Staphylococcus aureus is responsible for both nosocomial and community-acquired infections worldwide. [1, 2] In humans S. aureus is able to cause a wide variety of different diseases, owing to its frequent association with multidrug resistance, S. aureus cause hard-to-treat infections because these are resistant to most of the antibiotics such as beta-lactams, aminoglycosides and macrolides. antibiotics are structurally unrelated; however, they are related microbiologically because of their similar mode of action. They inhibit bacterial protein synthesis by binding to 23s rRNA, which is a part of large ribosomal subunit. [3, 4] For years, macrolides have been used as an alternative to penicillin and cephalosporins in the treatment of infections caused by gram positive bacteria, but the worldwide development of macrolide resistance has now limited the use of these antibiotics. Macrolide resistance is by diverse mechanisms. The resistance to macrolide can be mediated by msr(A) gene coding for efflux mechanism or via erm gene encoding for enzymes that confer inducible or constitutive resistance to MLSB antibiotics. In constitutive resistance, r-RNA methylase is always produced (cMLSB); where as in inducible, methylase is produced only in the presence of an inducing agent (iMLSB). [5] Erythromycin is an effective inducer whereas clindamycin is a weak inducer. In vitro, S. aureus isolates with constitutive resistance are resistant to both erythromycin and clindamycin whereas those with inducible resistance are resistant to erythromycin and appear sensitive to clindamycin (iMLSB). [3, 6] Failure to identify inducible CL resistance leads to incorrect laboratory reports and treatment problems. [7, 8]. The treatment of patients harboring iMLSB staphylococci with clindamycin leads to the development of constitutive resistance, subsequently leading to therapeutic failure. [9, 10] Thus, the aim of the present study was to detect the inducible CL resistance in staphylococci by the D-test.

2. Material and Methods

2.1. Collection of Samples and Isolation of Bacteria

This study was performed from April to August 2013 in ten hospitals of Benghazi, Libya. (Psychiatric hospital and Al-Erada sanatorium, Benghazi Medical Center, 7th of October hospital, Benghazi Childrens hospital, Al- Joumhouria hospital, Cardiac Center, Nephrology Center, Al-Jala Hospital, Urology and ENT Centers and Eye hospital). This study was done on a total of 472 HCWs. The samples were collected from the right and left anterior nares by using swabs.

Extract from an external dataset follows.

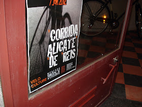A minha atenção dividia-se entre o admirar destes diferentes tipos de bicicletas e o tentar responder à simpatia das pessoas que se aglomeravam já no passeio por na loja já não haver espaço para mais ninguém. Entre aperitivos e cerveja tradicional, elogios e cumprimentos, visitas das edilidades locais e grupos que chegavam e partiam, chegou o ponto alto da festa, mas também o meu mais receado. A Alley Cat Race, ou em Português a Corrida do Alicate! Uma corrida informal, com um percurso pequeno e pontos de controle, que cada um faz na ordem que preferir, em grupo ou sozinho, pelo passeio ou pela estrada. Estava com vontade de participar, mas um pouco intimidado por tanta gente habituada a pedalar com regularidade. Não pensei mais e inscrevi-me. E ainda bem, pois apesar das desvantagens que sentia ter, a verdade é que consegui chegar ao fim sem percalços de maior e cumprir assim num tempo sofrível todo o percurso. Não cheguei em primeiro, é verdade, mas também me pareceu que esse não era o único objectivo do passeio. A ideia era também pedalar um pouco ao ritmo de cada um. E foi isso que fiz. Os primeiros 100 metros foram uma tortura com as pernas a acusarem a falta de habituação, mas um pouco depois já o Farol da Boa Nova estava à vista, chegar às Vareiras foi canja e a Igreja do Senhor de Matosinhos foi alcançada sem que sequer tivesse de ir pelo caminho mais curto. Valeu-me o arranque tardio de um dos participantes, para evitar que o meu nome ficasse num dos topos da lista :)

2.2. Cultivation and Identification

Specimens were collected from the anterior nares with sterile dry cotton swabs (SPA Cultiplast, Melano-Italy), dipped in normal saline (0.9%). All swabs were inoculated on blood agar (BA-HiMedia, India) and subsequently on Mannitol salt agar plates (MSA-HiMedia, India) and were incubated at 37°C for 24-48 hours. Well isolated colonies were initially Gram-stained and then biochemical tests such as catalase, DNase and coagulase tests [11].

2.3. Methicillin-Resistance Test

Methicillin resistance was tested using Mueller- Hinton agar with Cefoxitin disc (30 μg) by Kirby-Bauer disc diffusion method [11]. Zone diameters were measured and recorded after a 24h incubation at 37°C. A zone size of >22 mm was considered sensitive and < 21 was considered resistant [12].

2.4. Antibiotic Susceptibility Testing

All the isolates were tested for their susceptibility to penicillin (10 µg), gentamicin (10 μg), Rifampicin (5 μg), cotrimoxazole (25 μg), erythromycin (15 μg), ciprofloxacin (5 μg), amoxicillin and clavulanate (20 μg), vancomycin (30 μg) , Fusidic acid (10μg) and oxacillin (1 μg) by Kirby Bauer disc diffusion method using criteria of CLSI (2012),and was performed on Mueller-Hinton agar. Single isolated colonies were selected and inoculated in Mueller-Hinton broth and placed in incubator for 24 hours at 37°C. When its turbidity is comparable to 0.5 McFarland turbidity standards, the plates were inoculated with each broth culture and left to dry before the application of antibiotic discs. The plates were inverted and incubated at 35-37°C for 18-24 hours.

2.5. Detection of Inducible Clindamycin Resistance Phenotypic Inducible Resistance to Clindamycin by D- test.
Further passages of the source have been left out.